**Brief:** Below is a listing; retype exactly the line with "Experience radiant cleansing" and every line after it through the end, and only those, leaving out the pictures.

**Listed records:**
--------------------

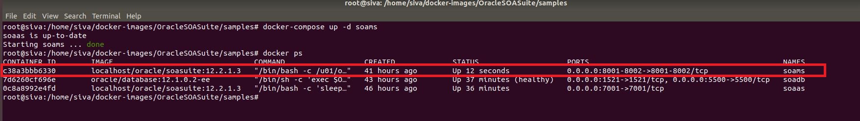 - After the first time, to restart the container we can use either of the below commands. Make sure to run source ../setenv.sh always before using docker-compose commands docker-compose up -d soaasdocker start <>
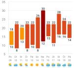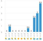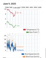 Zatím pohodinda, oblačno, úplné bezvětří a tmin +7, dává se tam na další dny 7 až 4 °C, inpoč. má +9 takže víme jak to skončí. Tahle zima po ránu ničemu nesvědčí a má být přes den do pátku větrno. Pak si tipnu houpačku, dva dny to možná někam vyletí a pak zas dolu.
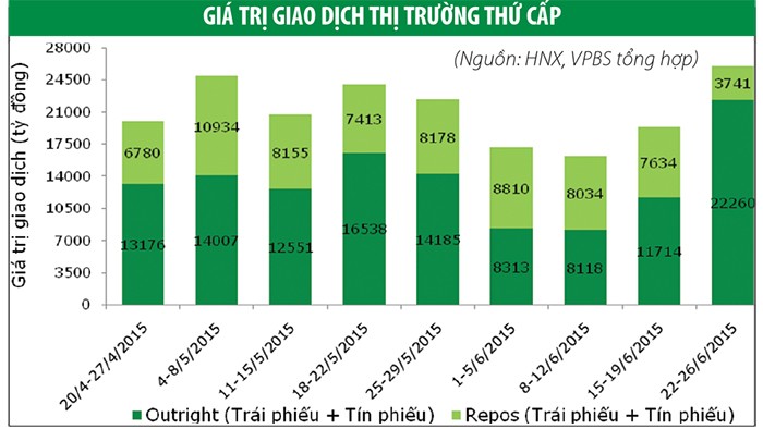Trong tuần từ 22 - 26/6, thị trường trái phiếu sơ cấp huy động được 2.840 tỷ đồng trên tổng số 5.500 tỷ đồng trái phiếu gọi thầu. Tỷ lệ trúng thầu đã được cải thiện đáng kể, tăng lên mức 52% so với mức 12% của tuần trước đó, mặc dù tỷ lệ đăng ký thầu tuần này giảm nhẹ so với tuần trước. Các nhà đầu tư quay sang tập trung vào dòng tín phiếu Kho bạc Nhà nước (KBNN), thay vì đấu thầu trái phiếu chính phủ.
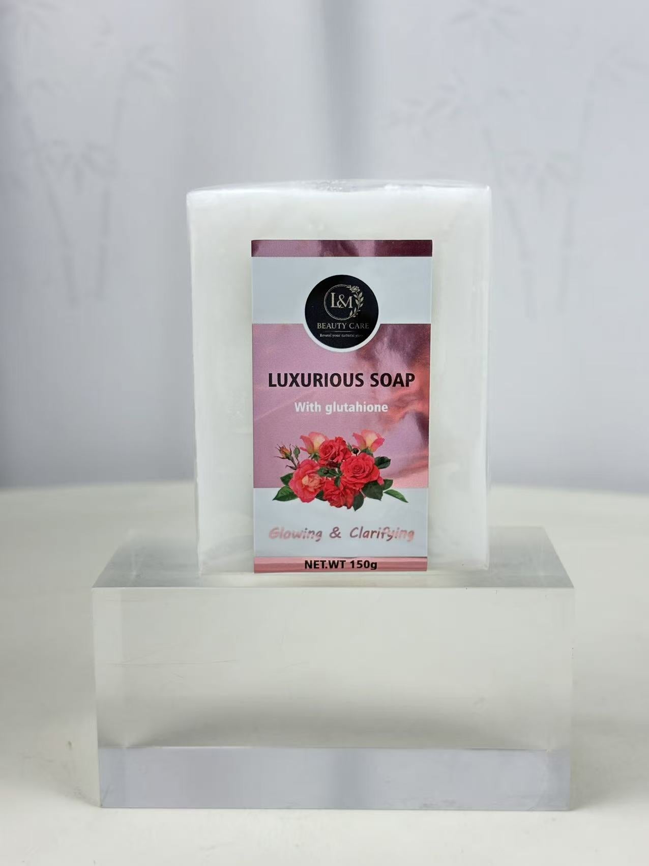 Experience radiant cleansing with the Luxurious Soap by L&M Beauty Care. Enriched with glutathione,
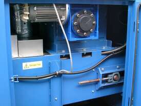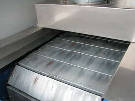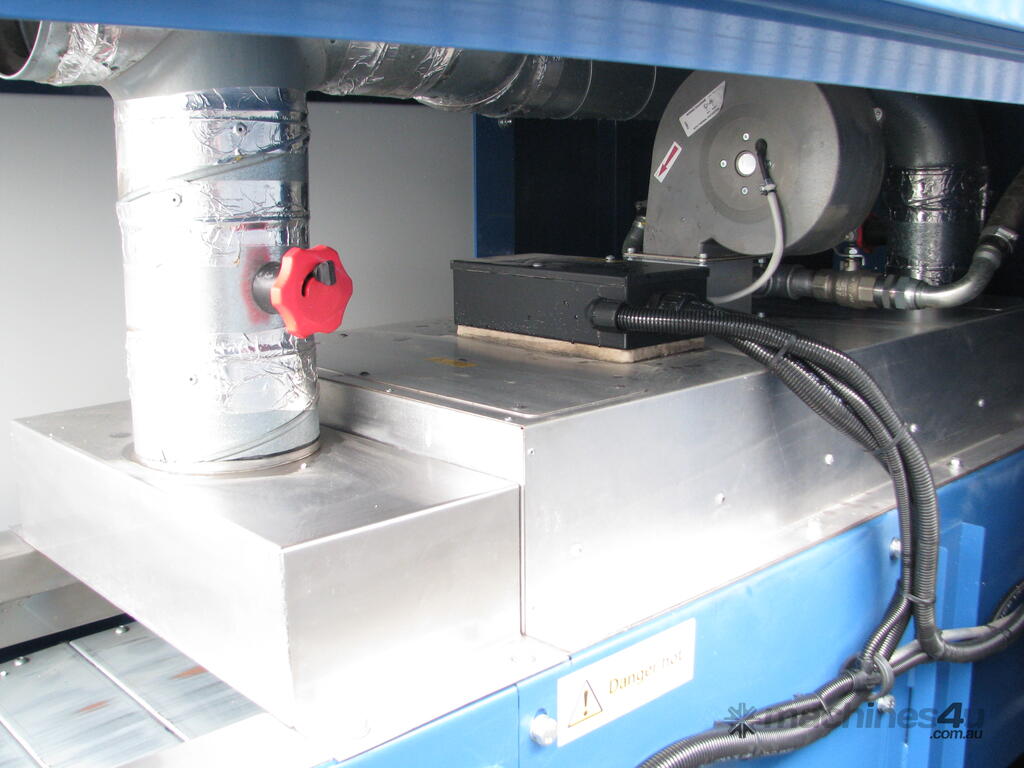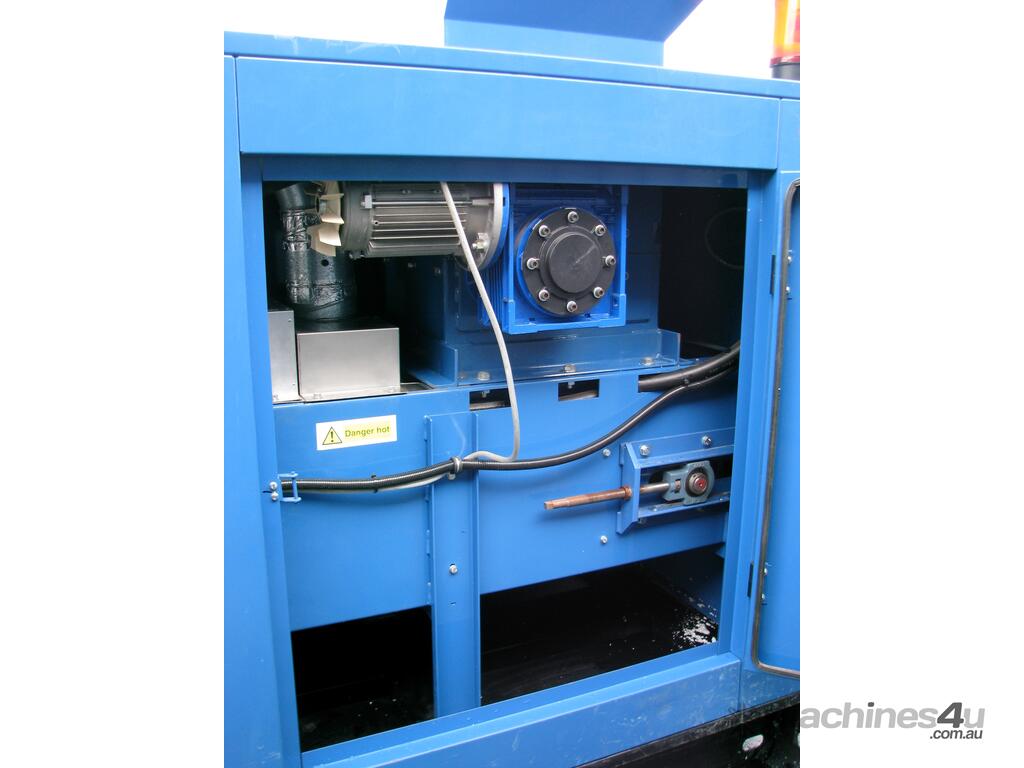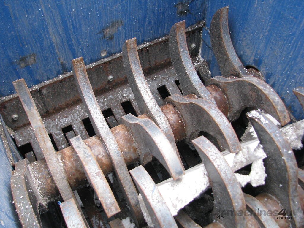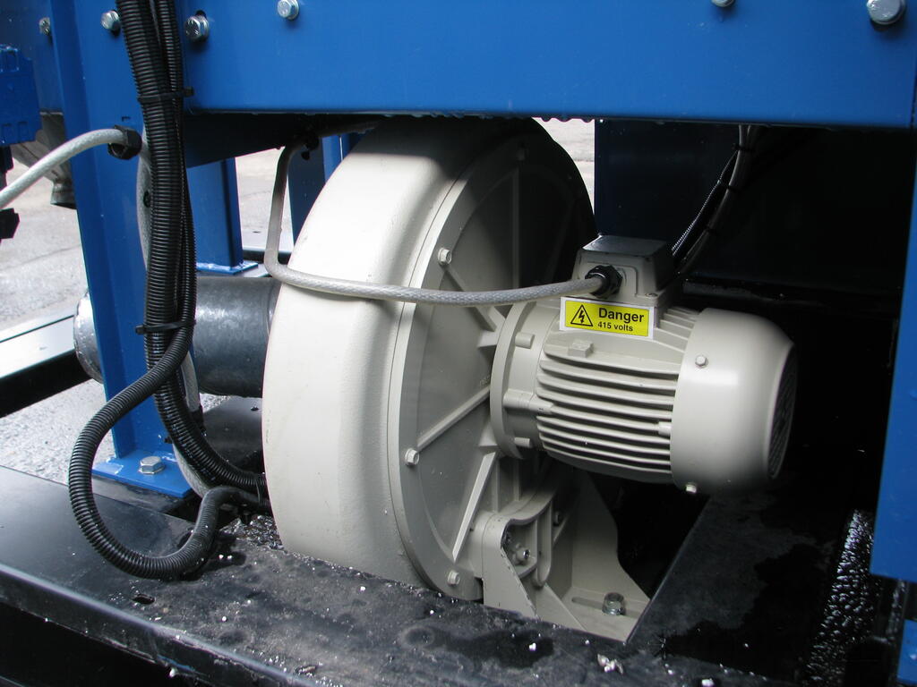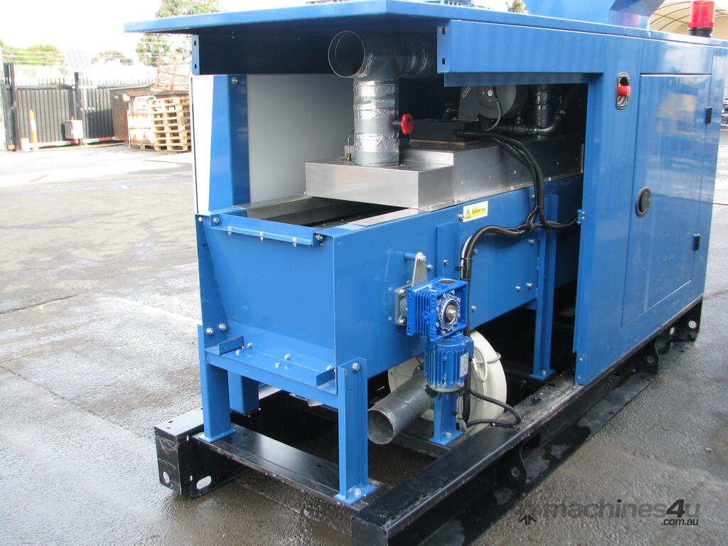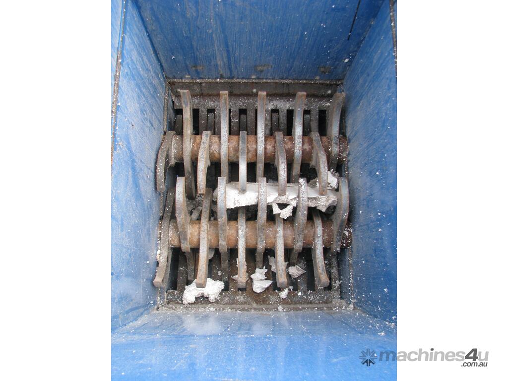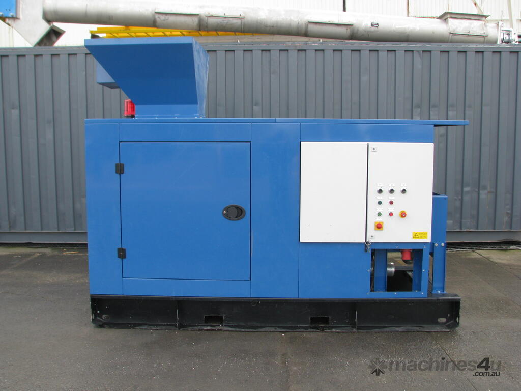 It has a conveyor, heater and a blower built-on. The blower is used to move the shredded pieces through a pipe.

--------------------

**Finished task:**
 Experience radiant cleansing with the Luxurious Soap by L&M Beauty Care. Enriched with glutathione,
 It has a conveyor, heater and a blower built-on. The blower is used to move the shredded pieces through a pipe.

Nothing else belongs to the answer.